Dataset records

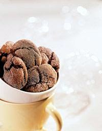 2. Place granulated sugar in a small bowl. Drop dough by heaping teaspoons into sugar and roll into balls. Roll again in sugar. Place balls 2 inches apart on an ungreased cookie sheet. Bake for 8 to 10 minutes or until edges are firm. Transfer cookies to wire racks and cool. Makes about 32.
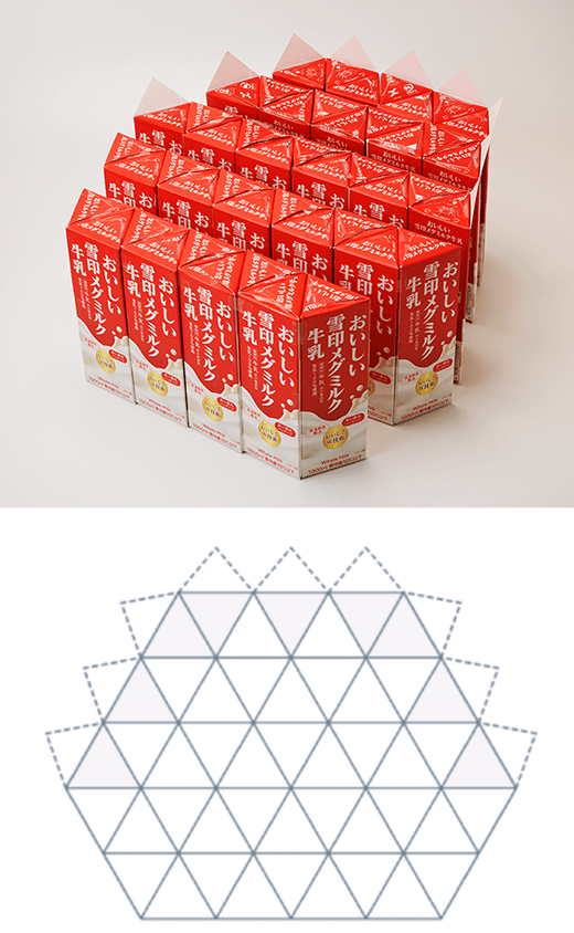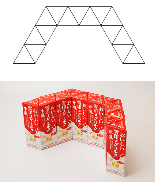〈3〉の三角柱(さんかくちゅう)を47こ使って〈5〉の要領(ようりょう)で台座(だいざ)を作ります。型(かた)どりしたダンボールで補強(ほきょう)します。
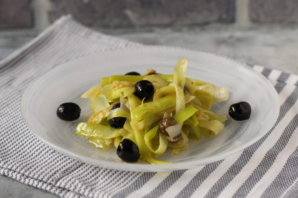 Zum Schluss mit Salz und schwarzem Pfeffer abschmecken, umrühren und sofort Ihre Porree mit Oliven und Kapern servieren. Sie sind einfach, aber sehr lecker.
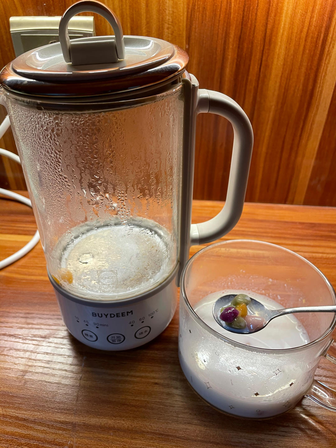 米立Studio 做过 韩式酱鸡蛋【3月北鼎养生壶食谱】 #午餐•2022年3月23日# #2022、# 3月打卡第7天——牛奶芋圆用料:水、迷你芋圆、牛奶锅具:北鼎养生壶北鼎mini养生壶内放入500ml水和迷你芋圆,精煮模式10分钟,煮熟后滤干水分,加入牛奶即可。 2022-03-23
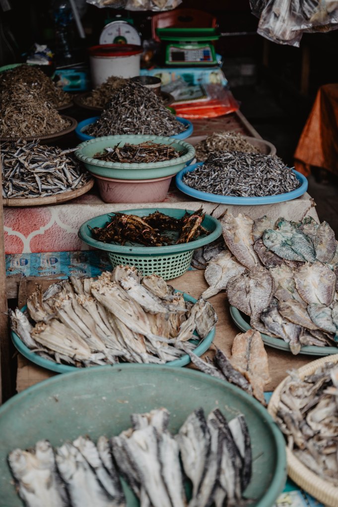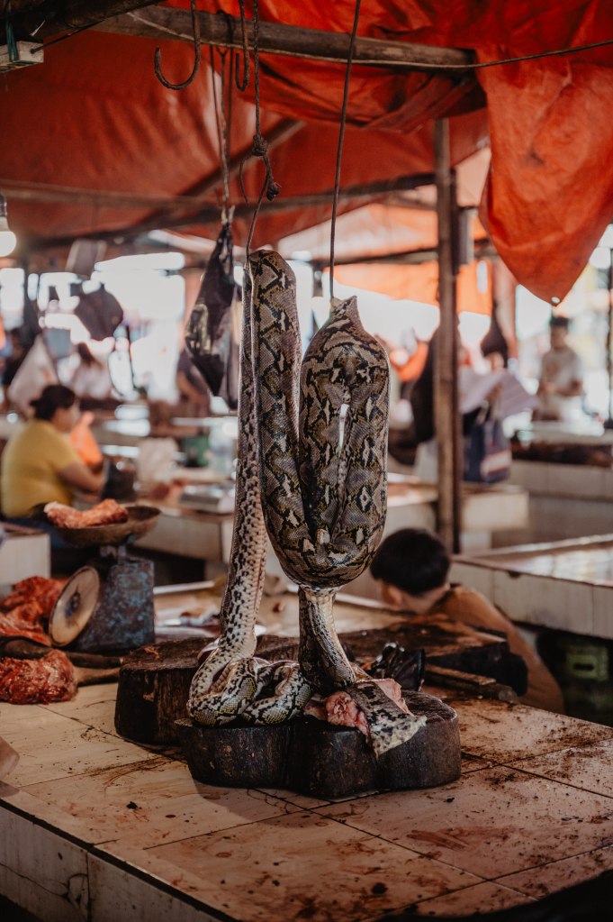 ● Le marché de l’extrême : S’il y a une chose qui fait parlé à Tomohon, c’est bien le marché ! On y trouve des chauves-souris grillées, des chiens, du sanglier, des rats et même des pythons. On arrive vers midi et les stands ne sont pas tous ouverts (ou déjà fermés). Depuis 2023, un accord a été signé avec les vendeurs « extreme », pour ne plus tuer les chats et chiens devant les gens. Nous n’avons pas vu de chats et les chiens étaient déjà morts 🫣 L’autre partie du marché est « normale », avec beaucoup de stands de fruits et de légumes, des poissons et babioles. Vous verrez également des petits stands « d’animaux de compagnie » à savoir des poussins colorés et des bernards l’hermite aux carapaces décorées que l’on peut mettre dans une petite maison en mousse. Une chose est sûre, ce marché local dépayse !

# What to produce
Transcribe exactly and only the lines from the top of the records through the line containing "米立Studio 做过 韩式酱鸡蛋【3月北鼎养生壶食谱】", inclusive, and do not copy the pictures.

# Response to the task
 2. Place granulated sugar in a small bowl. Drop dough by heaping teaspoons into sugar and roll into balls. Roll again in sugar. Place balls 2 inches apart on an ungreased cookie sheet. Bake for 8 to 10 minutes or until edges are firm. Transfer cookies to wire racks and cool. Makes about 32.
〈3〉の三角柱(さんかくちゅう)を47こ使って〈5〉の要領(ようりょう)で台座(だいざ)を作ります。型(かた)どりしたダンボールで補強(ほきょう)します。
 Zum Schluss mit Salz und schwarzem Pfeffer abschmecken, umrühren und sofort Ihre Porree mit Oliven und Kapern servieren. Sie sind einfach, aber sehr lecker.
 米立Studio 做过 韩式酱鸡蛋【3月北鼎养生壶食谱】 #午餐•2022年3月23日# #2022、# 3月打卡第7天——牛奶芋圆用料:水、迷你芋圆、牛奶锅具:北鼎养生壶北鼎mini养生壶内放入500ml水和迷你芋圆,精煮模式10分钟,煮熟后滤干水分,加入牛奶即可。 2022-03-23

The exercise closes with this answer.